SUPPLIED DATA:
((
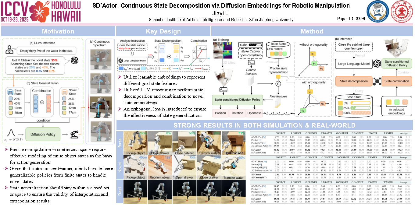 Language-conditioned robot manipulation in the continuous spectrum presents a persistent challenge due to the difficult of mapping states to target actions. Previous methods face limitations in effectively modeling object states, primarily due to their reliance on executing ambiguous instructions devoid of explicit state information. In response, we present SD$^2$Actor, a zero-shot robotic manipulation framework that possesses the capability to generate precise actions in continuous states. Specifically, given the novel instructions, we aim to generate instruction-following and accurate robot manipulation actions. Instead of time-consuming optimization and finetuning, our zero-shot method generalizes to any object state with a wide range of translations and versatile rotations. At its core, we quantify multiple base states in the training set and utilize their combination to refine the target action generated by the diffusion model. To obtain novel state representations, we initially employ LLMs to extract the novel state from the instruction and decompose it into multiple learned base states. We then employ the linear combination of base state embeddings to produce novel state features. Moreover, we introduce the orthogonalization loss to constrain the state embedding space, which ensures the validity of linear interpolation. Experiments demonstrate that SD$^2$Actor outperforms state-of-the-art methods across a diverse range of manipulation tasks in ARNOLD Benchmark. Moreover, SD$^2$Actor can effectively learn generalizable policies from a limited number of human demonstrations, achieving promising accuracy in a variety of real-world manipulation tasks.
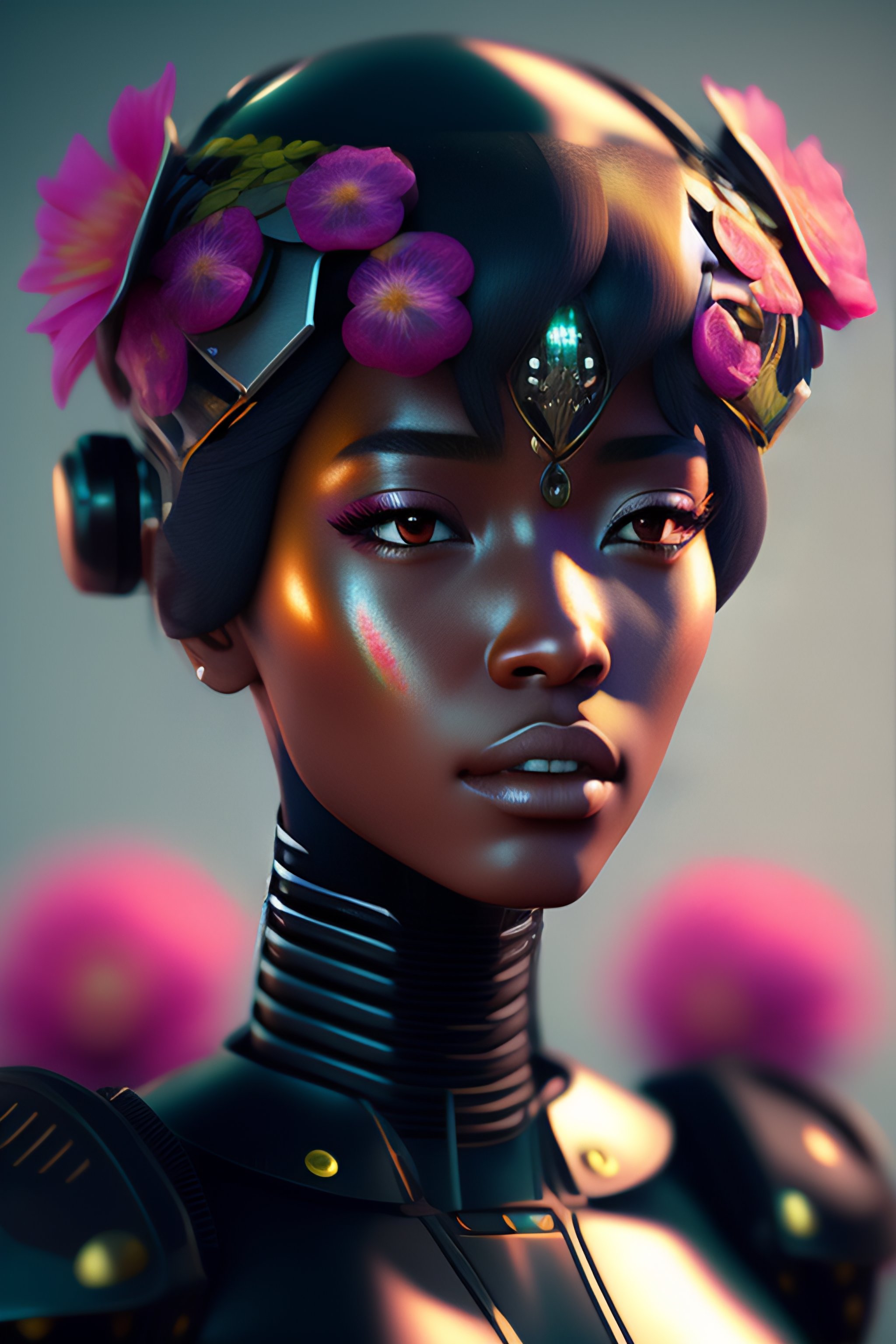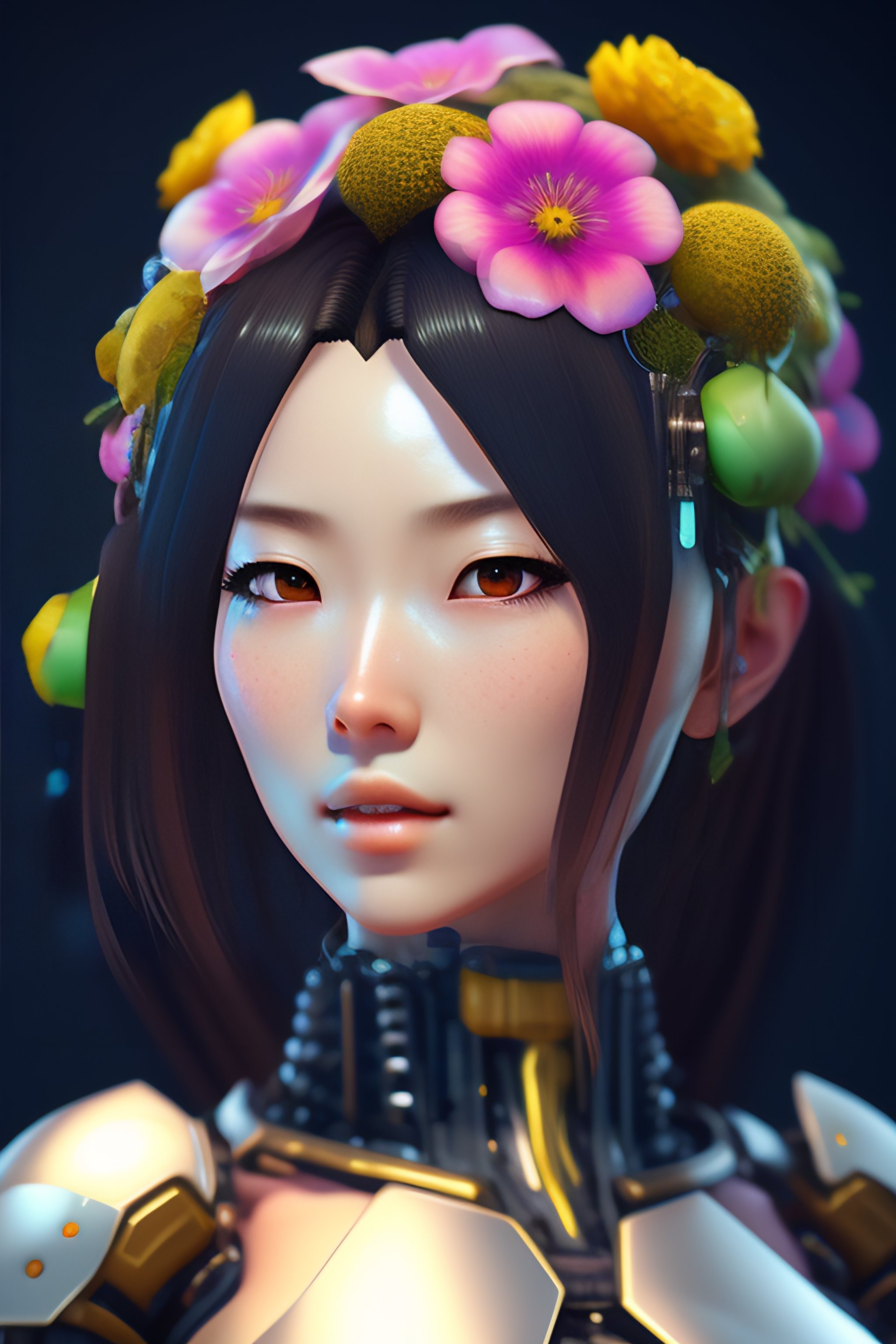 Anime female mechanical android head with flowers growing out. 3d render in unreal engine 5
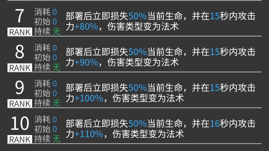 (就是将一个干员从各个角度分析再总体来看,最后直接给出强度。比如同为近卫的银灰,虽也有缺点,但强就是强)
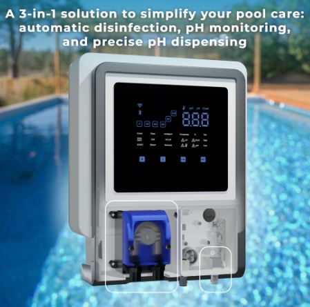 - Regulación de pH automática incluida: ajusta el pH de tu piscina automáticamente con este clorador salino, asegurando el equilibrio ideal del agua y evitando el mantenimiento manual. Ideal para quienes buscan comodidad y un agua agradable al contacto.
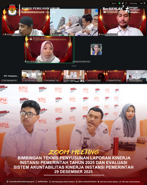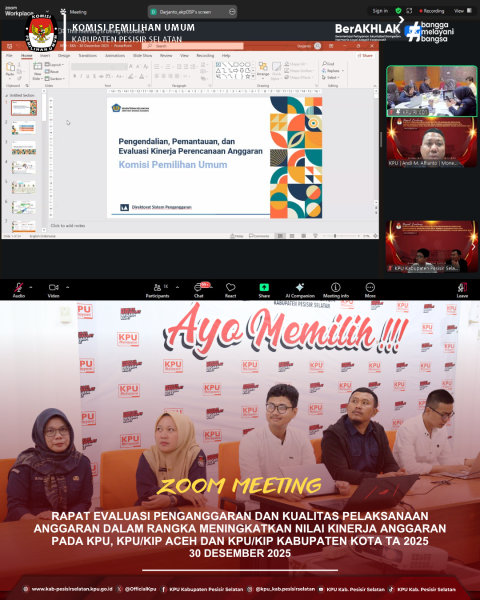 Painan - KPU Kabupaten Pesisir Selatan mengikuti Zoom Meeting Evaluasi Kinerja Penganggaran dan Kualitas Pelaksanaan Anggaran dalam rangka meningkatkan Nilai Kinerja Anggaran Tahun Anggaran 2025 yang diselenggarakan oleh KPU RI, Selasa (30/12/2025). Kegiatan ini diikuti oleh Plh Sekretaris, Kasubbag, serta staf terkait. Evaluasi ini bertujuan untuk mendorong peningkatan kualitas perencanaan dan pelaksanaan anggaran agar lebih transparan, efektif, dan akuntabel. Melalui kegiatan ini, KPU Kabupaten Pesisir Selatan berkomitmen untuk terus meningkatkan kinerja pengelolaan anggaran sebagai bagian dari upaya mewujudkan tata kelola kelembagaan yang profesional dan bertanggung jawab. ....
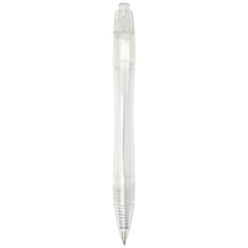 Bolígrafo con mecanismo de presión y cuerpo transparente. El cuerpo está fabricado con botellas de agua recicladas, lo que contribuye a reducir la cantidad de residuos plásticos.
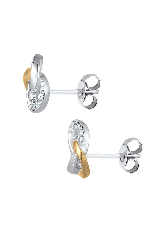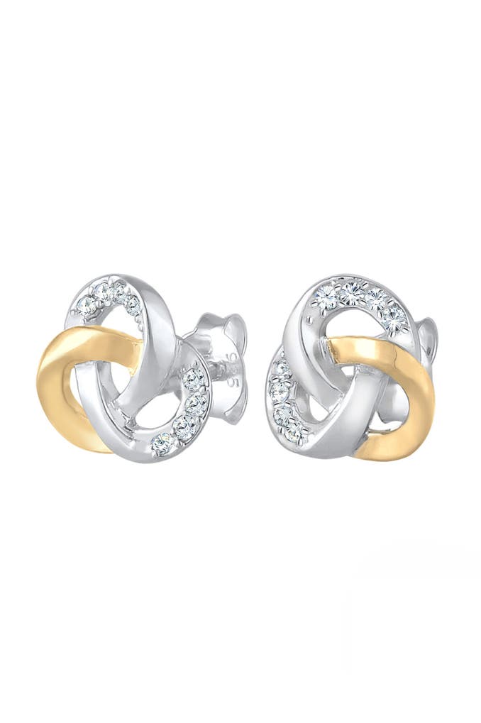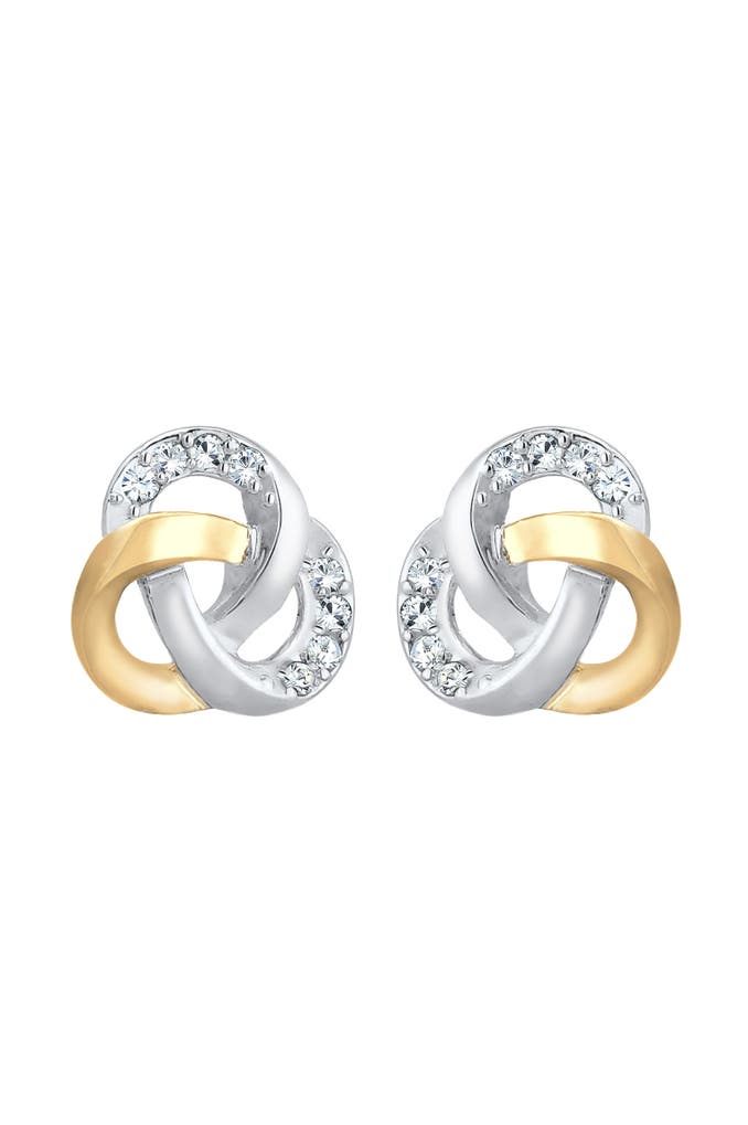 ELLIOhrringe Ohrstecker Knoten Glas Kristalle 925 Sterling Silber Bicolor Silber
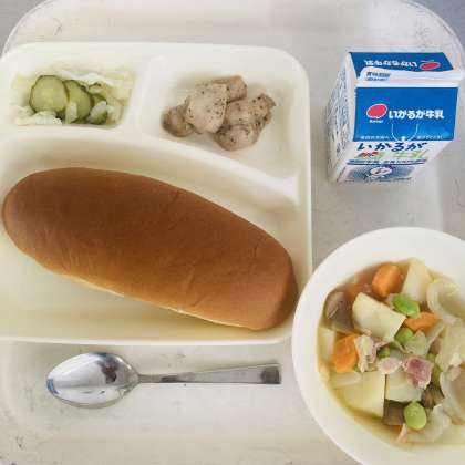 今日の献立は、黒糖パン、牛乳、鶏肉のバジル焼き、ベーコンと野菜のスープ煮、キャベツときゅうりのサラダでした。
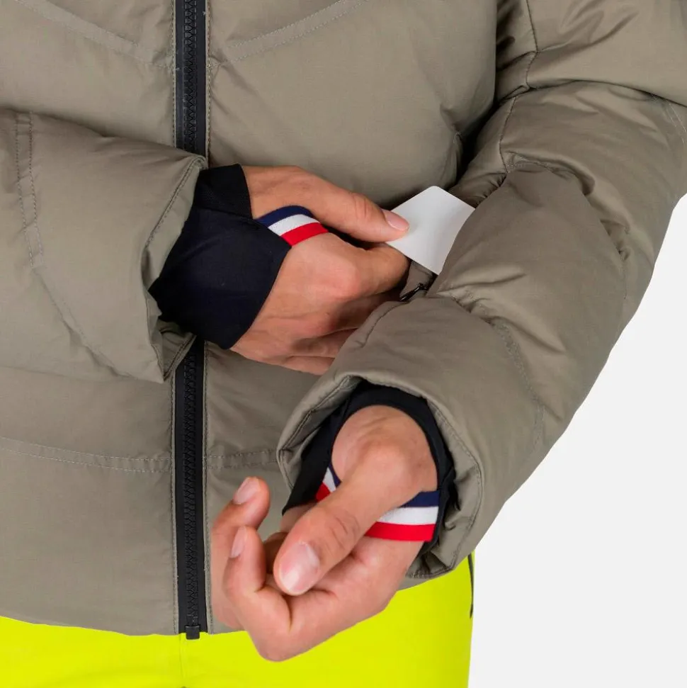 La veste de ski Rossignol Legacy Merino Down Dune allie imperméabilité 20K, respirabilitéet praticité avec ses poches fonctionnelles et sa capuche compatible casque.
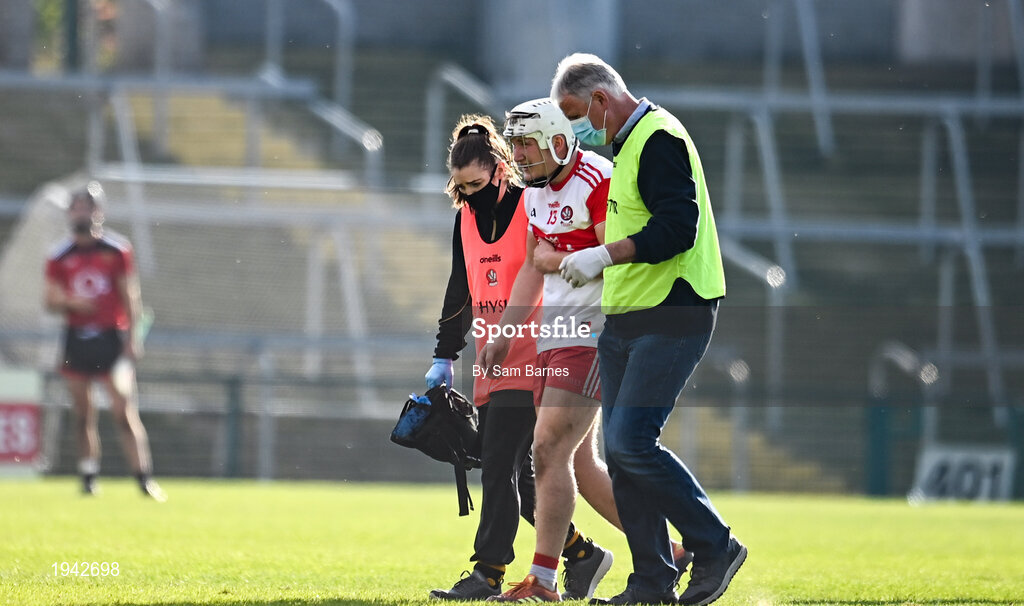 18 October 2020; Richie Mullan of Derry is helped off the field after picking up an injury during the Allianz Hurling League Division 2B Final match between Down and Derry at the Athletic Grounds in Armagh. Photo by Sam Barnes/Sportsfile
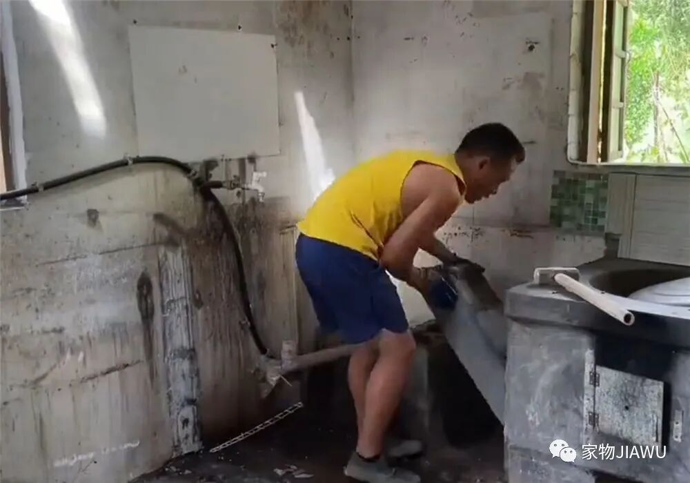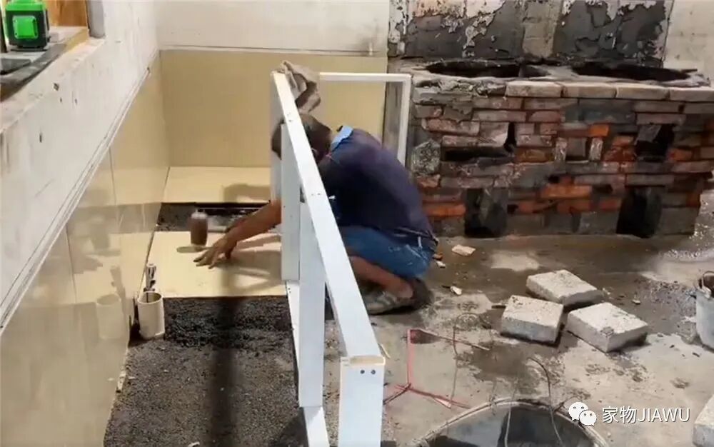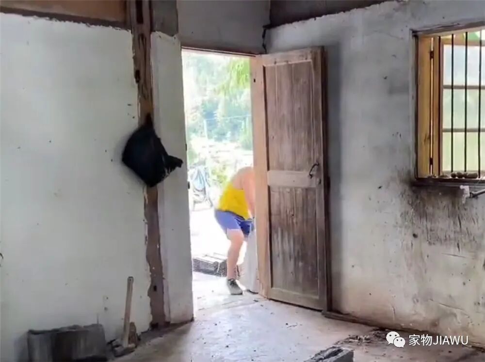 这位小哥先将原本厨房的水泥灶台拆除,并将被柴火熏黑的区域重新清理干净。
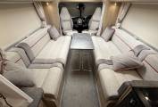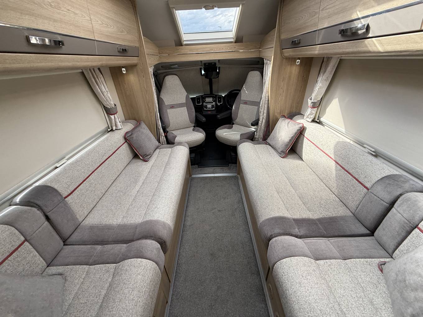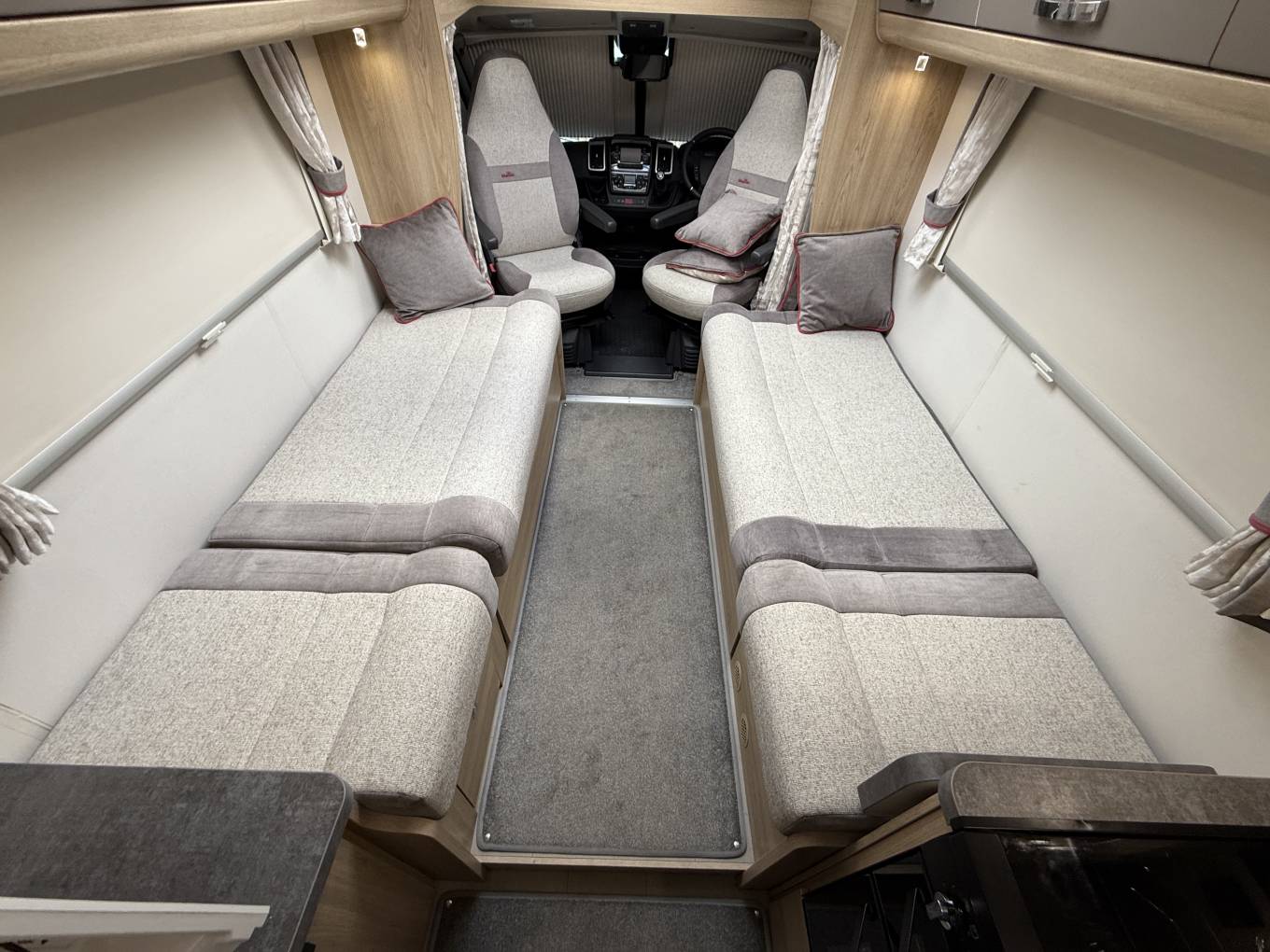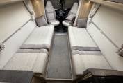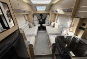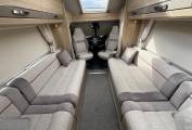 The main lounge consists of two long inward facing settees and twin swivelling Cab Chairs. A removable ding table sits in the centre.
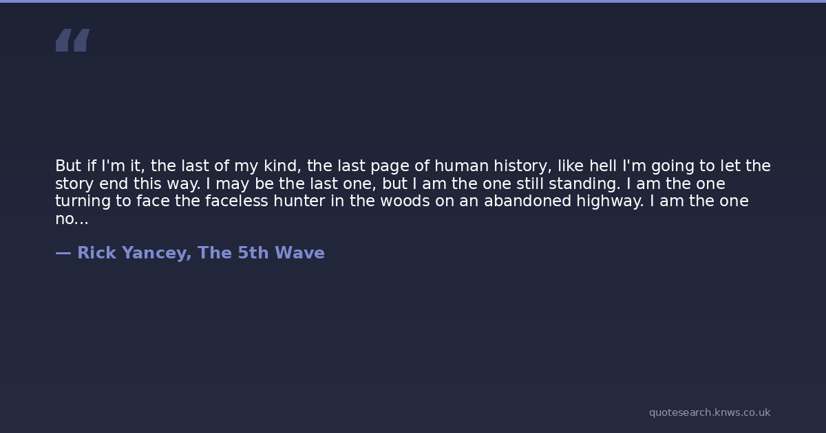 But if I'm it, the last of my kind, the last page of human history, like hell I'm going to let the story end this way. I may be the last one, but I am the one still standing. I am the one turning to face the faceless hunter in the woods on an abandoned highway. I am the one not running but facing. Because if I am the last one, then I am humanity. And if this is humanity's last war, then I am the battlefield.
))
WORK INSTRUCTIONS:
Give back every entry in full, exactly as written, with no picture included.

TASK OUTPUT:
 Language-conditioned robot manipulation in the continuous spectrum presents a persistent challenge due to the difficult of mapping states to target actions. Previous methods face limitations in effectively modeling object states, primarily due to their reliance on executing ambiguous instructions devoid of explicit state information. In response, we present SD$^2$Actor, a zero-shot robotic manipulation framework that possesses the capability to generate precise actions in continuous states. Specifically, given the novel instructions, we aim to generate instruction-following and accurate robot manipulation actions. Instead of time-consuming optimization and finetuning, our zero-shot method generalizes to any object state with a wide range of translations and versatile rotations. At its core, we quantify multiple base states in the training set and utilize their combination to refine the target action generated by the diffusion model. To obtain novel state representations, we initially employ LLMs to extract the novel state from the instruction and decompose it into multiple learned base states. We then employ the linear combination of base state embeddings to produce novel state features. Moreover, we introduce the orthogonalization loss to constrain the state embedding space, which ensures the validity of linear interpolation. Experiments demonstrate that SD$^2$Actor outperforms state-of-the-art methods across a diverse range of manipulation tasks in ARNOLD Benchmark. Moreover, SD$^2$Actor can effectively learn generalizable policies from a limited number of human demonstrations, achieving promising accuracy in a variety of real-world manipulation tasks.
 Anime female mechanical android head with flowers growing out. 3d render in unreal engine 5
 (就是将一个干员从各个角度分析再总体来看,最后直接给出强度。比如同为近卫的银灰,虽也有缺点,但强就是强)
 - Regulación de pH automática incluida: ajusta el pH de tu piscina automáticamente con este clorador salino, asegurando el equilibrio ideal del agua y evitando el mantenimiento manual. Ideal para quienes buscan comodidad y un agua agradable al contacto.
 Painan - KPU Kabupaten Pesisir Selatan mengikuti Zoom Meeting Evaluasi Kinerja Penganggaran dan Kualitas Pelaksanaan Anggaran dalam rangka meningkatkan Nilai Kinerja Anggaran Tahun Anggaran 2025 yang diselenggarakan oleh KPU RI, Selasa (30/12/2025). Kegiatan ini diikuti oleh Plh Sekretaris, Kasubbag, serta staf terkait. Evaluasi ini bertujuan untuk mendorong peningkatan kualitas perencanaan dan pelaksanaan anggaran agar lebih transparan, efektif, dan akuntabel. Melalui kegiatan ini, KPU Kabupaten Pesisir Selatan berkomitmen untuk terus meningkatkan kinerja pengelolaan anggaran sebagai bagian dari upaya mewujudkan tata kelola kelembagaan yang profesional dan bertanggung jawab. ....
 Bolígrafo con mecanismo de presión y cuerpo transparente. El cuerpo está fabricado con botellas de agua recicladas, lo que contribuye a reducir la cantidad de residuos plásticos.
 ELLIOhrringe Ohrstecker Knoten Glas Kristalle 925 Sterling Silber Bicolor Silber
 今日の献立は、黒糖パン、牛乳、鶏肉のバジル焼き、ベーコンと野菜のスープ煮、キャベツときゅうりのサラダでした。
 La veste de ski Rossignol Legacy Merino Down Dune allie imperméabilité 20K, respirabilitéet praticité avec ses poches fonctionnelles et sa capuche compatible casque.
 18 October 2020; Richie Mullan of Derry is helped off the field after picking up an injury during the Allianz Hurling League Division 2B Final match between Down and Derry at the Athletic Grounds in Armagh. Photo by Sam Barnes/Sportsfile
 这位小哥先将原本厨房的水泥灶台拆除,并将被柴火熏黑的区域重新清理干净。
 The main lounge consists of two long inward facing settees and twin swivelling Cab Chairs. A removable ding table sits in the centre.
 But if I'm it, the last of my kind, the last page of human history, like hell I'm going to let the story end this way. I may be the last one, but I am the one still standing. I am the one turning to face the faceless hunter in the woods on an abandoned highway. I am the one not running but facing. Because if I am the last one, then I am humanity. And if this is humanity's last war, then I am the battlefield.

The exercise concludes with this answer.